Adrian Lillebekk Ovlien

Personal information
- Full name: Adrian Lillebekk Ovlien
- Date of birth: 3 August 1997
- Place of birth: Eidskog, Norway
- Date of death: 16 March 2018 (aged 20)
- Place of death: Oslo, Norway
- Height: 1.82 m (5 ft 11+1⁄2 in)
- Position: Central defender

Youth career
- Eidskog

Senior career*
- Years: Team / Apps / (Gls)
- 2012: Eidskog / 16 / (0)
- 2013–2017: Kongsvinger / 102 / (4)
- Total:  / 118 / (4)

International career
- 2012: Norway U15 / 6 / (0)
- 2013: Norway U16 / 14 / (0)
- 2014: Norway U17 / 12 / (0)
- 2014–2015: Norway U18 / 14 / (0)
- 2015–2016: Norway U19 / 4 / (0)

= Adrian Lillebekk Ovlien =

Norwegian footballer (1997–2018)

Adrian Lillebekk Ovlien (3 August 1997 – 16 March 2018) was a Norwegian footballer who played as a central defender for Kongsvinger. He played more than 100 competitive first-team matches for Kongsvinger, including the 2016 Norwegian Cup Final. He was also capped a total of 50 times by Norway on various youth levels from U15 to U19.

==Club career==
Lillebekk Ovlien grew up in Eidskog Municipality, and made his senior debut for local third division side Eidskog Fotball in 2012 as a 14-year-old. He played 16 league matches for Eidskog before joining the Glåmdal region's biggest side Kongsvinger ahead of the 2013 season. He made his debut in the Norwegian First Division on 5 May 2013 as a substitute against Fredrikstad, aged 15 years and 275 days. He is the youngest player to have ever played for Kongsvinger's first team in a competitive match.

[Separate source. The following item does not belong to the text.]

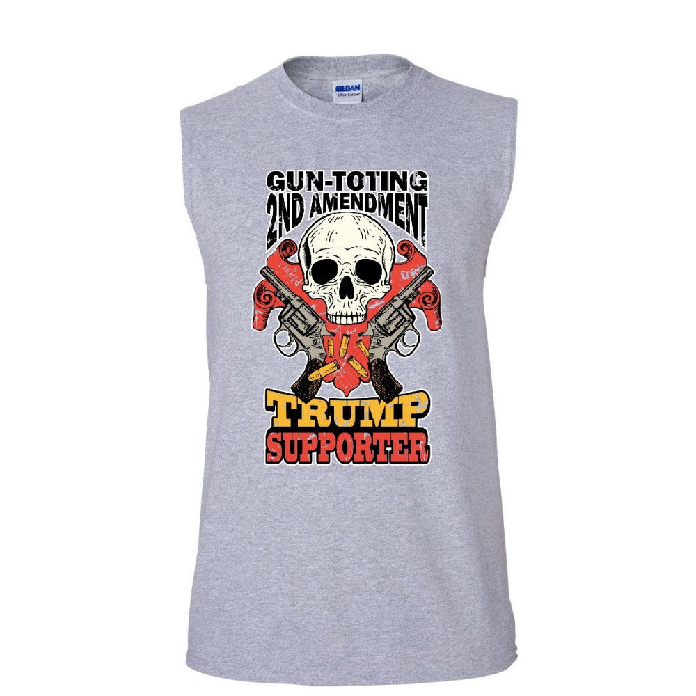 GUN-TOTING 2ND AMENDMENT TRUMP SUPPORTER gun-toting trump supporter muscle shirt 2nd amendment skull revolvers sleeveless gray

Lillebekk Ovlien played regularly for Kongsvinger over the next five years, playing a total of 114 competitive matches for the first team, scoring five goals. This includes 62 matches (two goals) in the Norwegian First Division. He also played all seven matches when Kongsvinger, as a club first, reached the final of the Norwegian Cup in 2016. He started in the final against Rosenborg, where Kongsvinger lost by a score of 4–0.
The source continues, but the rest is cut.